Илья заехал после работы за мной, мы вместе с ним забрали Сакатова и поехали в Северный. Дениска оказался хорошим поваром, он нас накормил гречневой кашей с тушёнкой, хватило всем, и дня на три ещё осталось. Я взяла приготовленный мешок с детскими вещами, и мы все втроём поднялись наверх, к Ларисе Николаевне. Она с удивлением посмотрела на нашу многочисленную делегацию, но, не сказав ни слова, нас запустила. Сакатов, как истинный дипломат, начал издалека, то есть, опять с тринадцатого века. Потом выложил все наши карты, включая дневник Миши. Я сидела и смотрела на реакцию женщин. А посмотреть было на что. Если Валентина сидела и слушала, поджав узкие губы, совершенно с непроницаемым выражением лица, то у Ларисы Николаевны на лице проступали все оттенки – от полного непонимания, и до ужаса, особенно, когда она поняла, что её тайна стала достоянием гораздо большего количества людей, чем ей этого хотелось. После того, как Сакатов выложил всё, он попросил показать ему картину, Лариса Николаевна повела его в спальню, Илья тоже пошёл посмотреть. Я обратилась к Валентине:

– Валентина, раз уж так получилось, что мы стали невольными участниками этой драмы, пожалуйста, расскажите нам всё, как было. Мы постараемся вам помочь. У нас нет цели привлечь вас за какие бы ни было прежние ваши действия. Только помочь.

– Что ещё рассказывать? – Она в упор смотрела на меня – Ты уже помогла, из-за тебя погиб Миша, ходила тут, всё вынюхивала. Если бы не ты, сейчас всё было бы кончено, и Сиверко на поводке бы сидел.
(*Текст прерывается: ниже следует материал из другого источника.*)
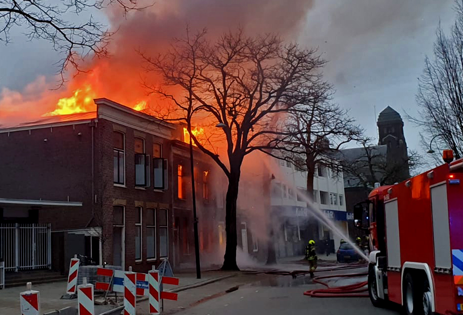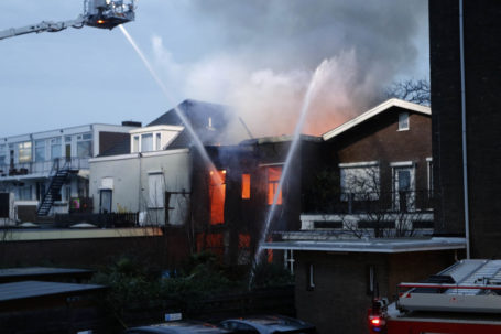 Het drinkwaterleidingbedrijf is aanwezig om een tijdens de brand gesprongen waterleiding te repareren. De brandweer is bezig met nabluswerkzaamheden.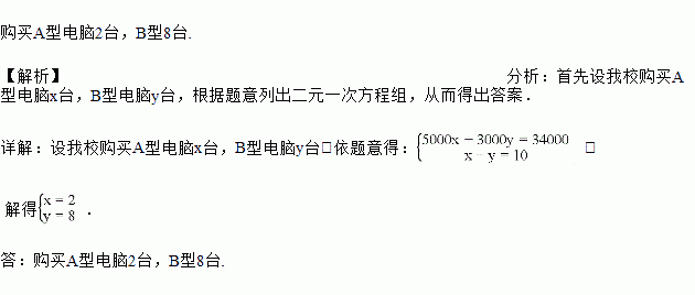 某电脑公司有A型、B型两种型号的电脑,其中A型电脑每台5000元,B型电脑每台3000元。我校购买10台电脑共花费34000元。问我校购买A型、B型电脑分别多少台?
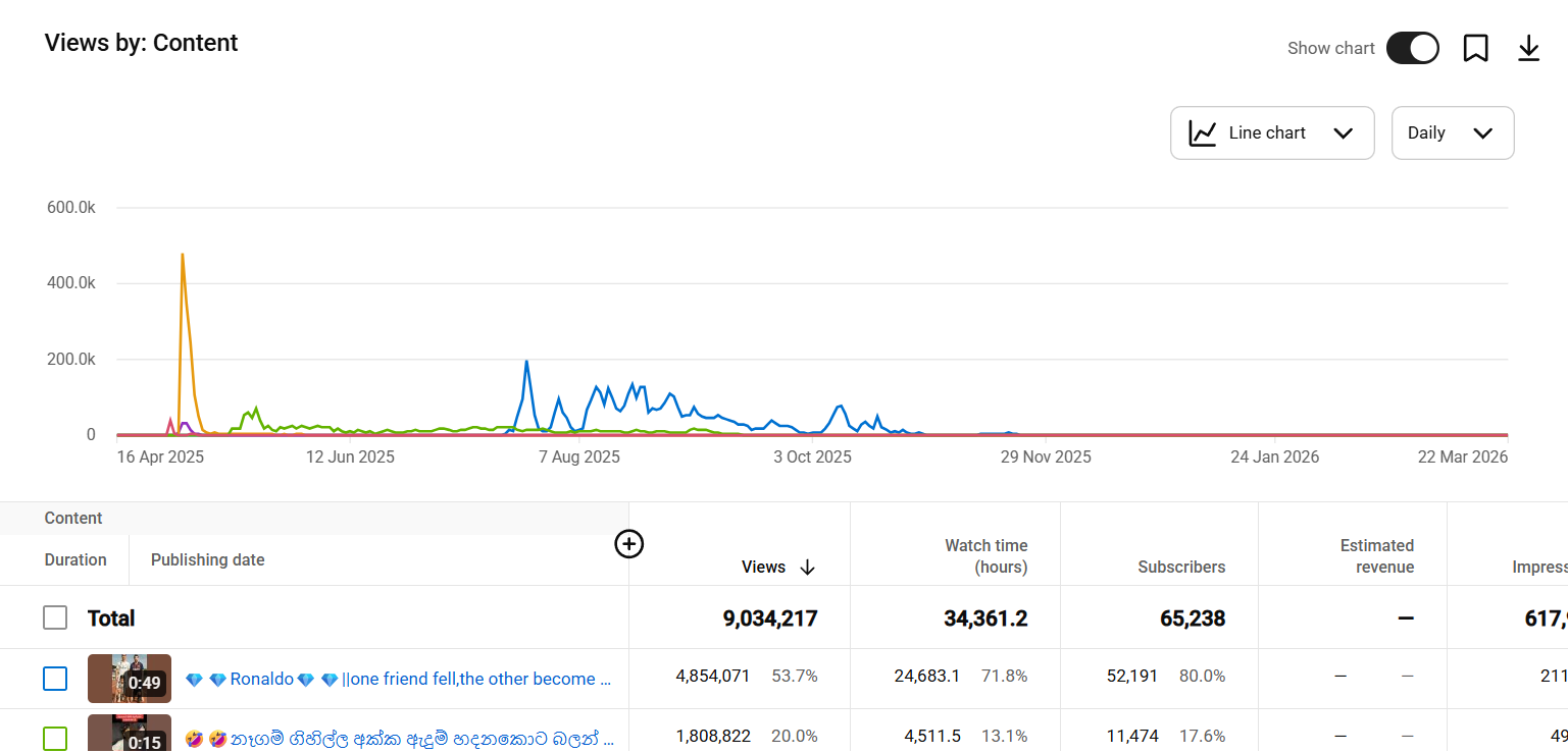 This Entertainment Youtube Channel For Sale was created on 16/04/2025 and features fresh and new content. This means the channel is relatively new but has already achieved impressive growth metrics, including 9M+ lifetime views. A newer channel with such performance indicates strong algorithmic favor and audience interest, making it a smart investment for those considering a youtube channel for sale. The clean growth trajectory suggests that with the right content strategy, the channel can scale even faster in the coming months.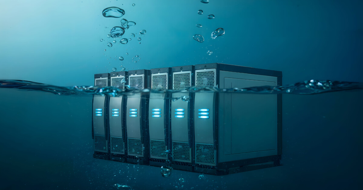 'post_title' => 'Realistic Underwater Server Rack Floating in Deep Blue Water with Glowing Lights and Rising Air Bubbles',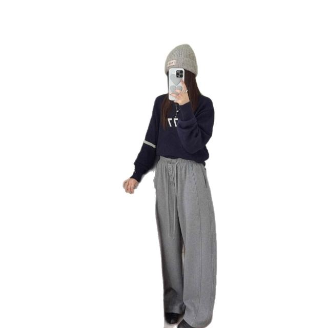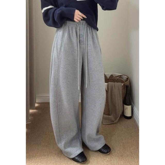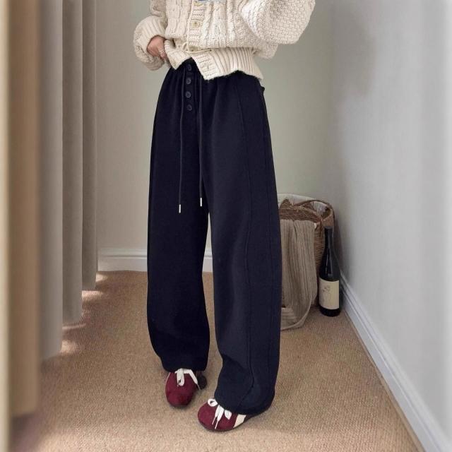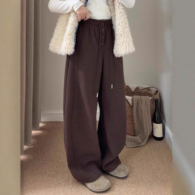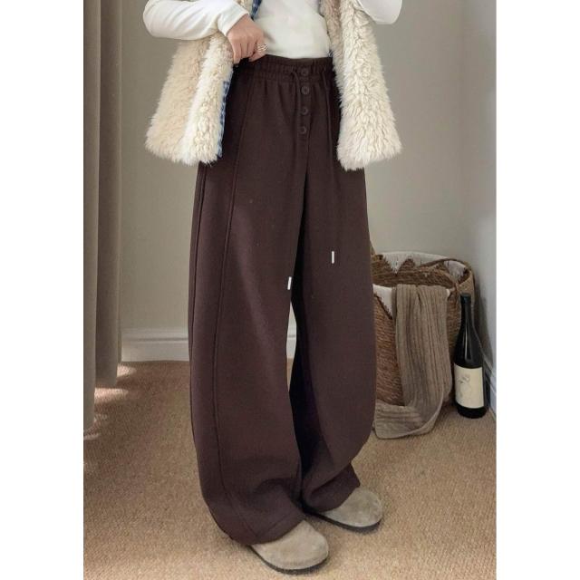 比比優 韓代糯米羊絨系扣加絨彎刀褲女冬季新款寬松百搭垂感休閑褲長褲

– Сиверко? – Удивлённо переспросила я.

–А, теперь я понял! – Радостно подхватил Сакатов, выходя к нам – Сиверко, Ольга Ивановна, это название самого холодного и таинственного ветра у поморов. Вообще, у них в языке много разных названий морских ветров, но только один Сиверко внушал им благоговейный страх, его имя не произносили моряки, когда выходили в море, ему оставляли на берегу часть улова. А всё потому, что никто никогда не видел, как он утихал. Они про него разные сказы сочиняли. А художник один, Остроухов, даже картину написал, безрадостную такую, в серо-жёлтых тонах, и назвал её «Сиверко». Такую грусть на него навеяли все эти сказы, когда он гостил у своей тётки, а она тёмными долгими вечерами, рассказывала ему о Сиверке. Вы, Валентина, зря обвиняете Ольгу Ивановну в смерти Михаила Терентьева. Вот послушайте, что есть в старой книге, которую я нашёл в хранилище нашего краеведческого музея. Книга из разгромленного скита староверов, и написал её старый шаман, или ведун: « Причинно делати ловушки на таких безтельных скопидов, токо не будути оные там обитаить, должон в ихне место их спроводити молитвою и апастией». Если современным языком сказать, то, если делаешь ловушку для бестелесного духа, нужно дольше молиться и пост соблюдать, чтобы сразу перепроводить его на его постоянное место, а не держать рядом с людьми. Вот так. И ваша ловушка только его разозлила.

– Валя, правильно он говорит, – вмешалась Лариса Николаевна – ты же не первый раз от него хочешь избавиться. А Мишке он ещё весной грозил. – Она повернулась ко мне – Когда Валентина приехала ко мне, в первый же вечер к нам в форточку Сиверко закинул раздавленную птицу. И Мишке сначала начался мерещиться плач, а потом дикий хохот. И он слышал слово « воззываю!» А ещё, когда мы гуляли с Валей, к нам прилетел плащ Мишин, и там было внутри его измазано кровью. Не было покоя Валентине все эти годы, вон она куда от него бежала, на Дальний Восток! Да только от него никуда не спрятаться.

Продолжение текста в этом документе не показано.